Material for the task below:
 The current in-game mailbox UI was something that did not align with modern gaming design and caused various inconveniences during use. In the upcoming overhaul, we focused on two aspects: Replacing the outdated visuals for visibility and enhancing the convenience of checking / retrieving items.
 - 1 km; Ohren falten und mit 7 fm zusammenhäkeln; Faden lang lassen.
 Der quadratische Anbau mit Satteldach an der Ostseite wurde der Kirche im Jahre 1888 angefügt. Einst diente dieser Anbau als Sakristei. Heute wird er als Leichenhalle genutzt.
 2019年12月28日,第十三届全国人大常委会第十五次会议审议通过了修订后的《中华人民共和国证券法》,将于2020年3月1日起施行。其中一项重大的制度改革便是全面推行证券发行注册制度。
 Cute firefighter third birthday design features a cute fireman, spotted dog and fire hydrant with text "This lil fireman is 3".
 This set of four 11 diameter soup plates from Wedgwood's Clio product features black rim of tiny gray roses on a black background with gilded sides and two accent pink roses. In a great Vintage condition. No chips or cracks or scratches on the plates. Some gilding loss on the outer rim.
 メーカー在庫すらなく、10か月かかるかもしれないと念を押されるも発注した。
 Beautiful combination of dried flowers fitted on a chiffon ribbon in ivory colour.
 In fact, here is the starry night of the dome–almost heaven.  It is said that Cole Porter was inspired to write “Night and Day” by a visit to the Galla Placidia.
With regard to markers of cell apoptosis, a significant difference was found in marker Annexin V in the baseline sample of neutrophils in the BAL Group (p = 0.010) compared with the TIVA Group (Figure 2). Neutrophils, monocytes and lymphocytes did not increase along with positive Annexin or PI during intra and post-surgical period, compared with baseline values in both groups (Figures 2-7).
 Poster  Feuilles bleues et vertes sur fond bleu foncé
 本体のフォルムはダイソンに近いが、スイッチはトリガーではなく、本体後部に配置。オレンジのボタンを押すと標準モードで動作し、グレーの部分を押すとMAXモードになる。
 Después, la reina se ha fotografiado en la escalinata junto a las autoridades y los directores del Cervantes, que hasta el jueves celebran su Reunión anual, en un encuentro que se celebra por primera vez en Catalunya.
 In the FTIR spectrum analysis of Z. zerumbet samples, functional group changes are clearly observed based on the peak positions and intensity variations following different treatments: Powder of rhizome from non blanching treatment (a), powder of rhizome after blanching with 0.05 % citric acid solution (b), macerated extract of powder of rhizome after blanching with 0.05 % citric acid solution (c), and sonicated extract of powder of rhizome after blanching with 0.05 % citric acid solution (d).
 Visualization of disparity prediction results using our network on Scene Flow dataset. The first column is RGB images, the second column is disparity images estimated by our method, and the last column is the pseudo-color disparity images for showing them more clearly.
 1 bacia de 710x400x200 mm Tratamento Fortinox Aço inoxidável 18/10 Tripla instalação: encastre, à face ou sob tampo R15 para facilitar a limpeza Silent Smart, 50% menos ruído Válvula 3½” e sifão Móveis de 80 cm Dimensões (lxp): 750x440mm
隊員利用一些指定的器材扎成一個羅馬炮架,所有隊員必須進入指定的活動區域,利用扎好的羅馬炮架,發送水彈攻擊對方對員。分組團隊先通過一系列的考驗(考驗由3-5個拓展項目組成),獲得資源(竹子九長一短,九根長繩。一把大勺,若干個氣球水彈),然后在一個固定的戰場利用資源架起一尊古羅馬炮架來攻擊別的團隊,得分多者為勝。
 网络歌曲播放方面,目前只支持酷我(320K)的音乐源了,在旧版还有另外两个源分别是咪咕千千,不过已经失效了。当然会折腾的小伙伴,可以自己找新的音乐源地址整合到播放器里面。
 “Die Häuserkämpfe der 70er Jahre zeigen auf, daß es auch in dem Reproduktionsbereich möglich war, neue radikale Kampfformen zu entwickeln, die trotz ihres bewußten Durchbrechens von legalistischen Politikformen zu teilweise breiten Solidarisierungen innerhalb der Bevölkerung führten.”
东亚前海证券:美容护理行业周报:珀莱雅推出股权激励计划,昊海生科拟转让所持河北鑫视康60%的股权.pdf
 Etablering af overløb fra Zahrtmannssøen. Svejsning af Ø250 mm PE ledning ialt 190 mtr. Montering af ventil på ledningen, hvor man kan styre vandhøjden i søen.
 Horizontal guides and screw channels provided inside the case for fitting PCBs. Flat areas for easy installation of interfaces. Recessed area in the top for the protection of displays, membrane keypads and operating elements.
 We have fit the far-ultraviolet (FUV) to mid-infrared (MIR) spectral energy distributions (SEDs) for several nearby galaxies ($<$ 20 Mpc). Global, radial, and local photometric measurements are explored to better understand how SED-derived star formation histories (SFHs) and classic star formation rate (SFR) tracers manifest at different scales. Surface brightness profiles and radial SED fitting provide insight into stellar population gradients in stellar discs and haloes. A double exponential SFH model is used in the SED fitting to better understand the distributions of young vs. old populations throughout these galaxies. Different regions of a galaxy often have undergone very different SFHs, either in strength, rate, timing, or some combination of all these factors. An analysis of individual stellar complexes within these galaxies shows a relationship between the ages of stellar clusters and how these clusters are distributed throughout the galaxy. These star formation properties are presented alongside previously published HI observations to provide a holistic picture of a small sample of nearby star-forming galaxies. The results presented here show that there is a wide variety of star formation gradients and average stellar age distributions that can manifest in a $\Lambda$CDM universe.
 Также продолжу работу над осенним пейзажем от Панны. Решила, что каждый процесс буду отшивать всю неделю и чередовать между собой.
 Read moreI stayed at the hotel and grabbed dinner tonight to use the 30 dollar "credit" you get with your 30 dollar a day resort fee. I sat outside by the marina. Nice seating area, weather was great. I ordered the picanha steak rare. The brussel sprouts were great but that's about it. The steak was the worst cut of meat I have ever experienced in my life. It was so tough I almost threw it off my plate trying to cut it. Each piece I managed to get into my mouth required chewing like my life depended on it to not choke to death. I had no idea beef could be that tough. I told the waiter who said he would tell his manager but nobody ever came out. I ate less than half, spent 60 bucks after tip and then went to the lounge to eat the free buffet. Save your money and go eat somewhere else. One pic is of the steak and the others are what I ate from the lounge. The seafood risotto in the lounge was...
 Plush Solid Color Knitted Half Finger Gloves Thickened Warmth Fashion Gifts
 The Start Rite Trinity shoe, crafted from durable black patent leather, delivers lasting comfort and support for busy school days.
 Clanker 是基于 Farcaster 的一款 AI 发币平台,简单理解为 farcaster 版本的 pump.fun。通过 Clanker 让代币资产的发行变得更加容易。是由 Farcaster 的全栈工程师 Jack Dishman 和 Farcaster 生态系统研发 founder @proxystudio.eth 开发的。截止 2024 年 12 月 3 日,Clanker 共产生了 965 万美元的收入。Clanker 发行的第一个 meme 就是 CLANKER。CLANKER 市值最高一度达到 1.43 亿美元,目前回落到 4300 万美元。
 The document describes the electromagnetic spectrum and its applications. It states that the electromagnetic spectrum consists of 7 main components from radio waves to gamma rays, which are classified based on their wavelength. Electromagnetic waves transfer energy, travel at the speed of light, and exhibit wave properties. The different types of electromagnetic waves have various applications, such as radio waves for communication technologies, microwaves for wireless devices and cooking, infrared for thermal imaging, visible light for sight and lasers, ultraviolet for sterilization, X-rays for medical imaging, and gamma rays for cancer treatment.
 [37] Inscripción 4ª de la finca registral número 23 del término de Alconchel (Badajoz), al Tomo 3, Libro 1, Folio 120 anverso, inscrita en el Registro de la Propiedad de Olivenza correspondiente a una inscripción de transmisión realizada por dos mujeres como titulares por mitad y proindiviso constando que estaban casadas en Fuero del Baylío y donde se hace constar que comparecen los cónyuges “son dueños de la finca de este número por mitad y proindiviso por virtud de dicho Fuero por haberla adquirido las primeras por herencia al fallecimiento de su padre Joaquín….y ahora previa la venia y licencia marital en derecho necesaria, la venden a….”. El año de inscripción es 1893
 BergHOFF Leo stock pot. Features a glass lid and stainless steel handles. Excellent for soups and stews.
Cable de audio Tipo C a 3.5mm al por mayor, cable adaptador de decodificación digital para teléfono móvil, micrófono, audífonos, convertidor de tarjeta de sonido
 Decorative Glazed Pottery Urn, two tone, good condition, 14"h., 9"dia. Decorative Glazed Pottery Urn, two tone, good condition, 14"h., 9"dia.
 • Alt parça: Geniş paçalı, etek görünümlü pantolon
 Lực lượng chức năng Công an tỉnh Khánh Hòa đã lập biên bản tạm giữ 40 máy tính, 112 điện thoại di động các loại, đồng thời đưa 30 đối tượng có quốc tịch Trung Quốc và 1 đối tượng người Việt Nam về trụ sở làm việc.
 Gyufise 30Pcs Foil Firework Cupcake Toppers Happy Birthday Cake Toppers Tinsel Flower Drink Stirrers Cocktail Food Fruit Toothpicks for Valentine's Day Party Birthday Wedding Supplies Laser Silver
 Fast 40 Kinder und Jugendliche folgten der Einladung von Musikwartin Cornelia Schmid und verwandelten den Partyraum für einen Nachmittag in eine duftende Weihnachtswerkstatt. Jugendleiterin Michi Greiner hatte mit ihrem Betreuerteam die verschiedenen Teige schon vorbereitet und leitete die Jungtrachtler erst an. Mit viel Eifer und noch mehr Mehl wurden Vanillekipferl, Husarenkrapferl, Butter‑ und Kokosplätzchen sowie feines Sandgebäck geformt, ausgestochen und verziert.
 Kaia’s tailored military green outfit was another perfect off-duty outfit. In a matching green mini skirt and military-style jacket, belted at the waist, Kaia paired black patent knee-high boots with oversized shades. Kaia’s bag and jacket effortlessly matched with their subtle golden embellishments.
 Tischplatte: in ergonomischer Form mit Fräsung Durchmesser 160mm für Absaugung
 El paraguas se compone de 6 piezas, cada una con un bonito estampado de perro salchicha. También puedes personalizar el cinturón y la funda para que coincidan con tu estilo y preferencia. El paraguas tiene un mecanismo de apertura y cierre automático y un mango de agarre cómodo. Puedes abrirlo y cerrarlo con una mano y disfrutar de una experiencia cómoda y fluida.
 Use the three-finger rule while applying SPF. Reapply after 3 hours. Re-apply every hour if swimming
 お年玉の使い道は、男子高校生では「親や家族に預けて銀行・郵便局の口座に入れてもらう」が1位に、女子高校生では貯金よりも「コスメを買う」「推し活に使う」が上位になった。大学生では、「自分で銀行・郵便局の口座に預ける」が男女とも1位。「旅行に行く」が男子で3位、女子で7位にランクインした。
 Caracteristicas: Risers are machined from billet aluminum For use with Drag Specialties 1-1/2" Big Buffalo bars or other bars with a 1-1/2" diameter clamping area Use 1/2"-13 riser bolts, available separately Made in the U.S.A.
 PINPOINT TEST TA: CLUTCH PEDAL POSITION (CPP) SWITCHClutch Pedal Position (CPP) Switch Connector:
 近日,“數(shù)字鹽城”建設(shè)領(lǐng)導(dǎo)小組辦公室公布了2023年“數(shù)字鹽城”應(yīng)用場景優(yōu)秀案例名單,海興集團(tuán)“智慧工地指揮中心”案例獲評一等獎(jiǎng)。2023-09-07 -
End of Material for the task.
(Required action)
Report back each line in the material above that contains the string "area".

(Answer space)
 Horizontal guides and screw channels provided inside the case for fitting PCBs. Flat areas for easy installation of interfaces. Recessed area in the top for the protection of displays, membrane keypads and operating elements.
 Read moreI stayed at the hotel and grabbed dinner tonight to use the 30 dollar "credit" you get with your 30 dollar a day resort fee. I sat outside by the marina. Nice seating area, weather was great. I ordered the picanha steak rare. The brussel sprouts were great but that's about it. The steak was the worst cut of meat I have ever experienced in my life. It was so tough I almost threw it off my plate trying to cut it. Each piece I managed to get into my mouth required chewing like my life depended on it to not choke to death. I had no idea beef could be that tough. I told the waiter who said he would tell his manager but nobody ever came out. I ate less than half, spent 60 bucks after tip and then went to the lounge to eat the free buffet. Save your money and go eat somewhere else. One pic is of the steak and the others are what I ate from the lounge. The seafood risotto in the lounge was...
 Caracteristicas: Risers are machined from billet aluminum For use with Drag Specialties 1-1/2" Big Buffalo bars or other bars with a 1-1/2" diameter clamping area Use 1/2"-13 riser bolts, available separately Made in the U.S.A.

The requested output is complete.